Provided material:

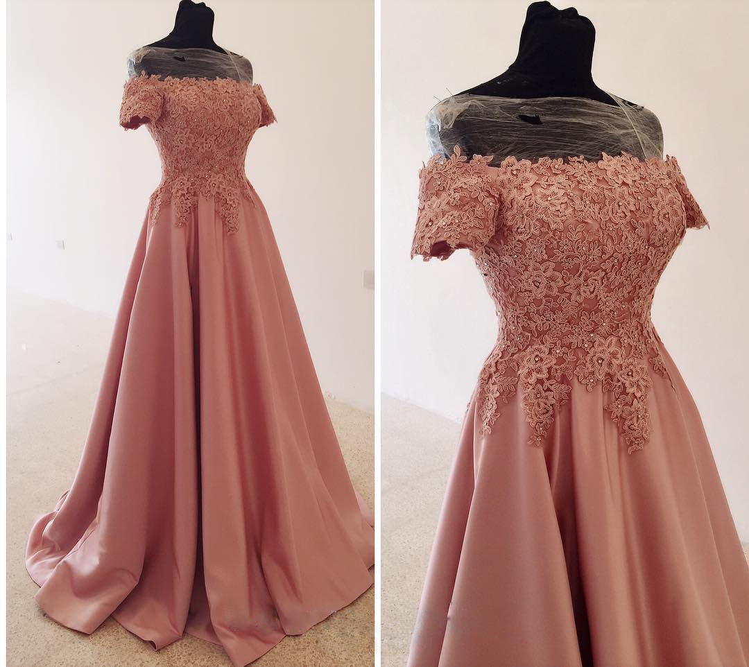 Off-the-Shoulder evening dress Satin Prom Dress, Beaded Lace Long Prom Dress, Gentle A-Line Evening Dress
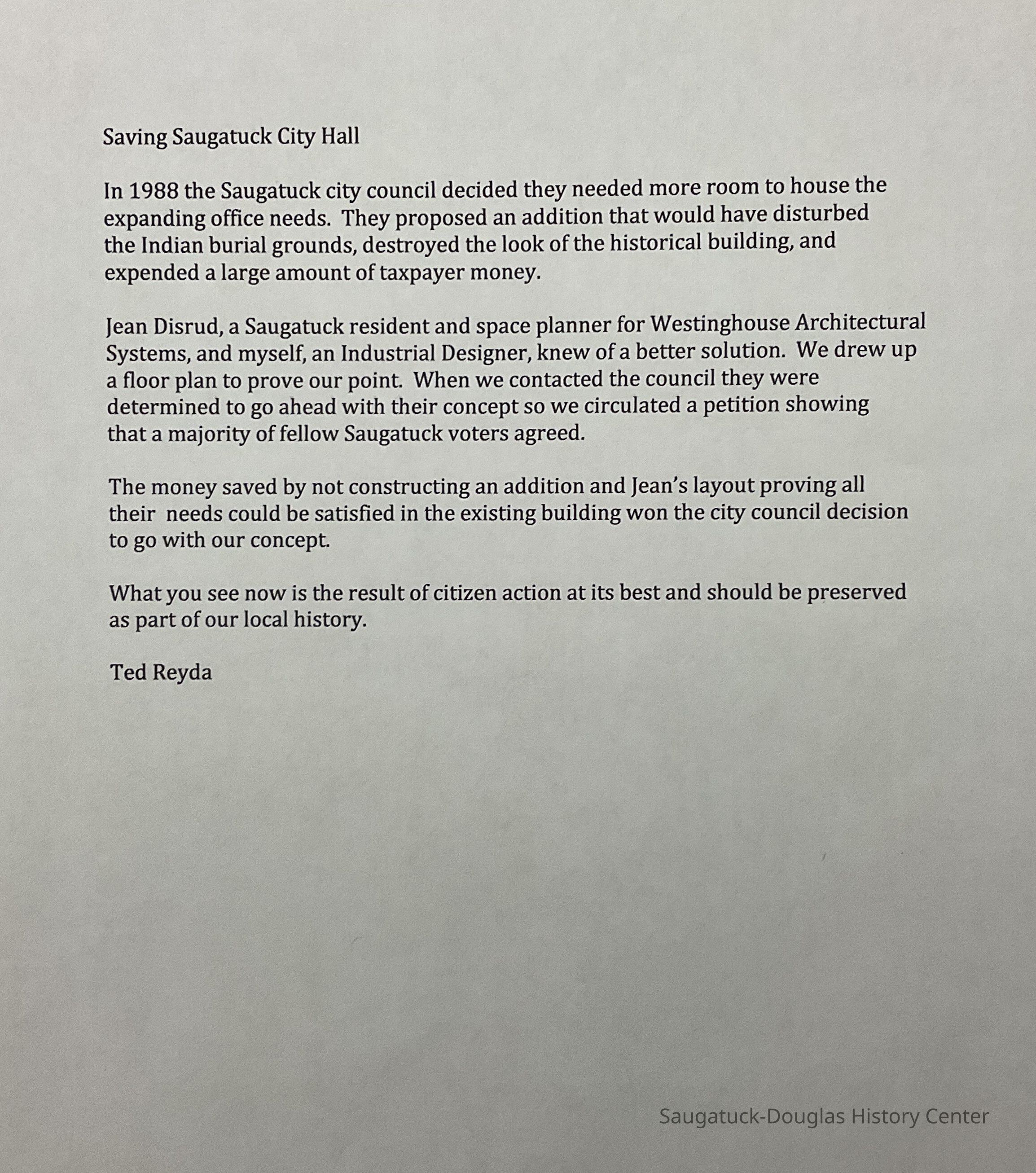 In 1988 the Saugatuck City Council decided they needed more room to house their expanding office needs. The proposed addition would have disturbed the Indian burial grounds and destroyed the look of the historical building. Reyda and Disrud came up with an alternative plan at a much lower cost. After initial resistance and a petition showing that the majority of Saugatuck voters agreed, the plans were approved.
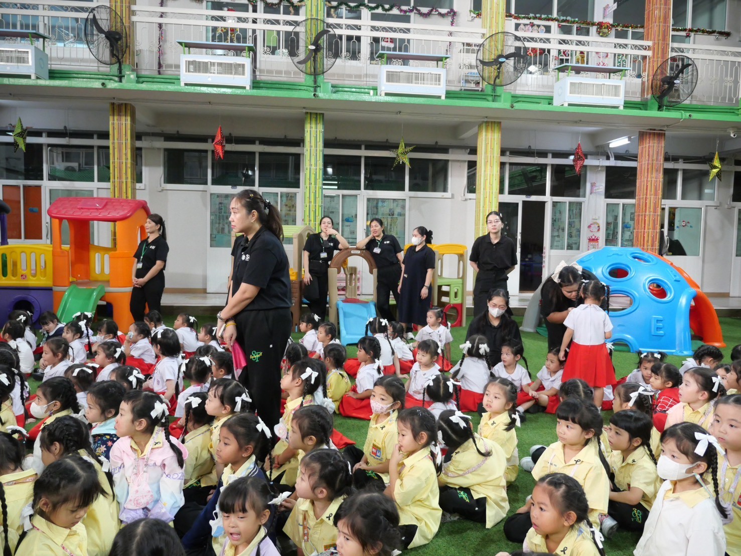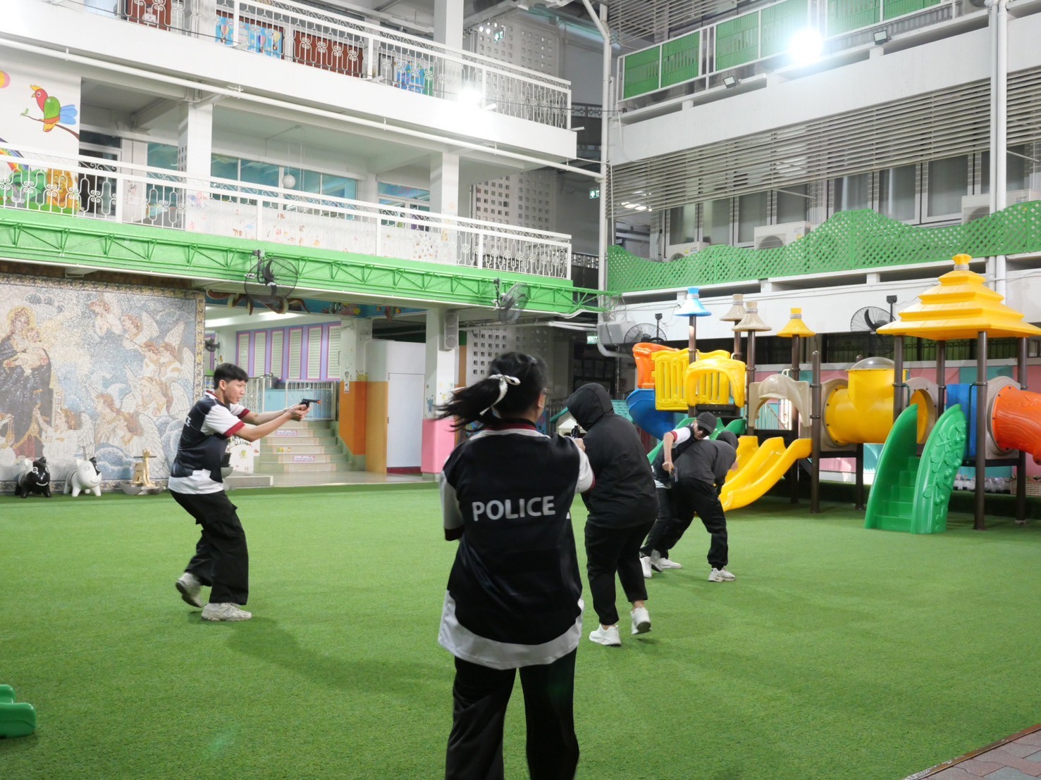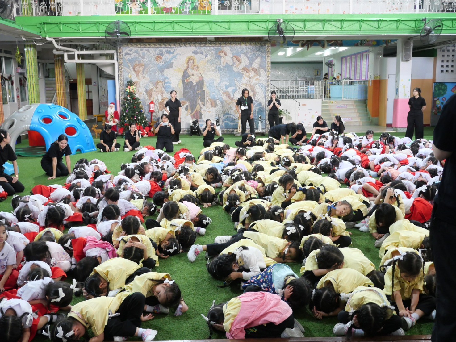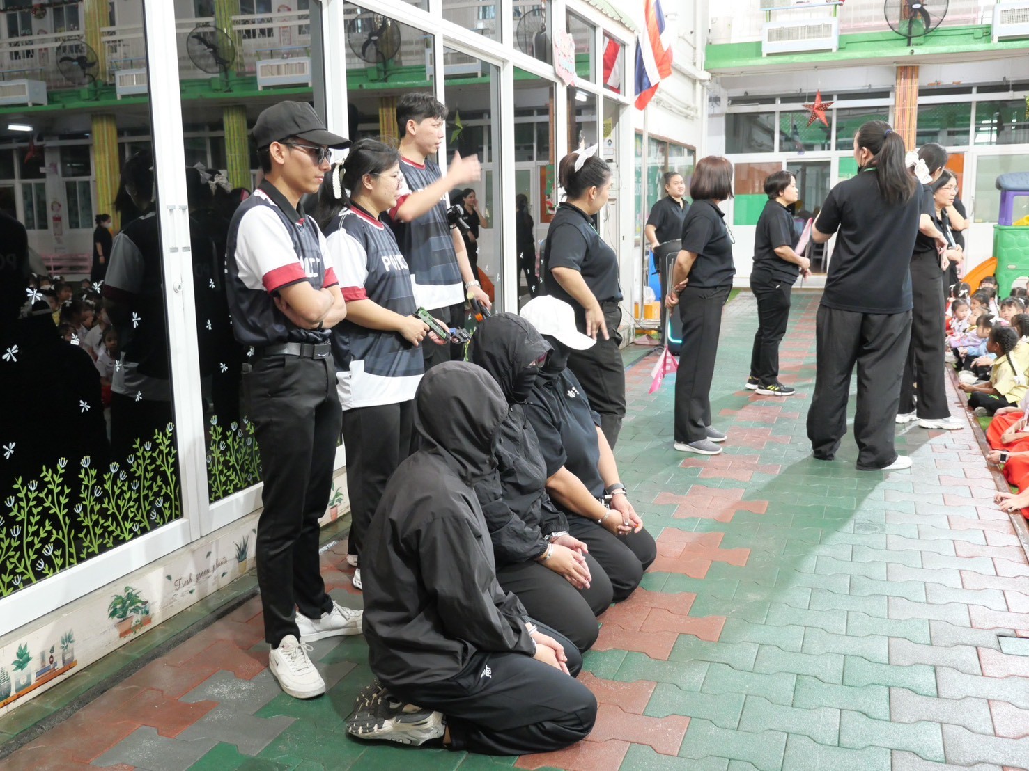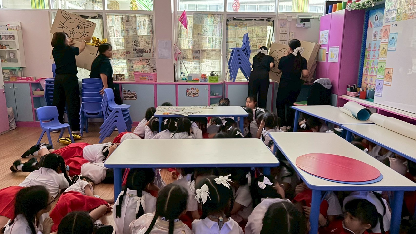 วันที่ 8 ธันวาคม 2568 แผนกปฐมวัย ร่วมกับฝ่ายกิจการนักเรียน ได้จัดกิจกรรมฝึกซ้อมวิธีการเอาตัวรอดจากเหตุกราดยิง ให้แก่คุณครูและเด็กๆ ระดับปฐมวัยปีที่ 1 – 3 โดยคุณครูได้นำความรู้จากวิทยากรกองบังคับการปราบปรามที่เคยมาอบรมให้แก่คุณครู มาจำลองสถานการณ์และฝึกซ้อมเพื่อเป็นแนวทางป้องกันช่วยเหลือเด็กๆ เมื่อเผชิญเหตุกราดยิง ให้สามารถเอาตัวรอดจากสถานการณ์นั้นๆ ได้อย่างถูกต้อง เหมาะสม

Directions for this task: Quote exactly the lines from the one that contains "In 1988 the" through the end of the listing above, both ends included, leaving out the pictures.

Response:
 In 1988 the Saugatuck City Council decided they needed more room to house their expanding office needs. The proposed addition would have disturbed the Indian burial grounds and destroyed the look of the historical building. Reyda and Disrud came up with an alternative plan at a much lower cost. After initial resistance and a petition showing that the majority of Saugatuck voters agreed, the plans were approved.
 วันที่ 8 ธันวาคม 2568 แผนกปฐมวัย ร่วมกับฝ่ายกิจการนักเรียน ได้จัดกิจกรรมฝึกซ้อมวิธีการเอาตัวรอดจากเหตุกราดยิง ให้แก่คุณครูและเด็กๆ ระดับปฐมวัยปีที่ 1 – 3 โดยคุณครูได้นำความรู้จากวิทยากรกองบังคับการปราบปรามที่เคยมาอบรมให้แก่คุณครู มาจำลองสถานการณ์และฝึกซ้อมเพื่อเป็นแนวทางป้องกันช่วยเหลือเด็กๆ เมื่อเผชิญเหตุกราดยิง ให้สามารถเอาตัวรอดจากสถานการณ์นั้นๆ ได้อย่างถูกต้อง เหมาะสม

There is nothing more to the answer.